Primer salto, de Madrid a Copenhague. Un vuelo rutinario, de 2.061 kilómetros y 195 minutos, entre dos grandes aeropuertos europeos, sobrevolando lugares de sobra conocidos. Tanto desde tierra como desde el cielo. En cualquier caso, las nubes no tardaron en cubrir el paisaje. Tan solo comenzaron a despejar mientras sobrevolábamos la desembocadura del Rin. La única parte con un mínimo interés de todo el vuelo fue la aproximación al aeropuerto de Kastrup, sobre las islas y los estrechos que se extienden entre las penínsulas de Jutlandia y Escandinavia.
Poco antes de las seis estaba acomodado en la habitación del Comfort Hotel Copenhagen Airport, donde pasaría la noche.
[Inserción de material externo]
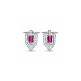 Bold ruby studs that command attention. Each earring features a striking central ruby surrounded by shimmering pavé-set stones in a geometric shield design. Perfect for those who embrace their inner strength and refuse to blend in. Available in gold or rhodium finishes.

Podía haber hecho una breve escapada a Copenhague, pero era demasiado tarde para cualquier cosa que no fuera pasear por el centro de una ciudad que, en cualquier caso, había visitado por segunda vez unos pocos años atrás. Preferí reservar mis energías para los próximos días, que presumía intensos. Tras hacer alguna foto desde el hotel, cené, revisé el equipo fotográfico y me fui a dormir.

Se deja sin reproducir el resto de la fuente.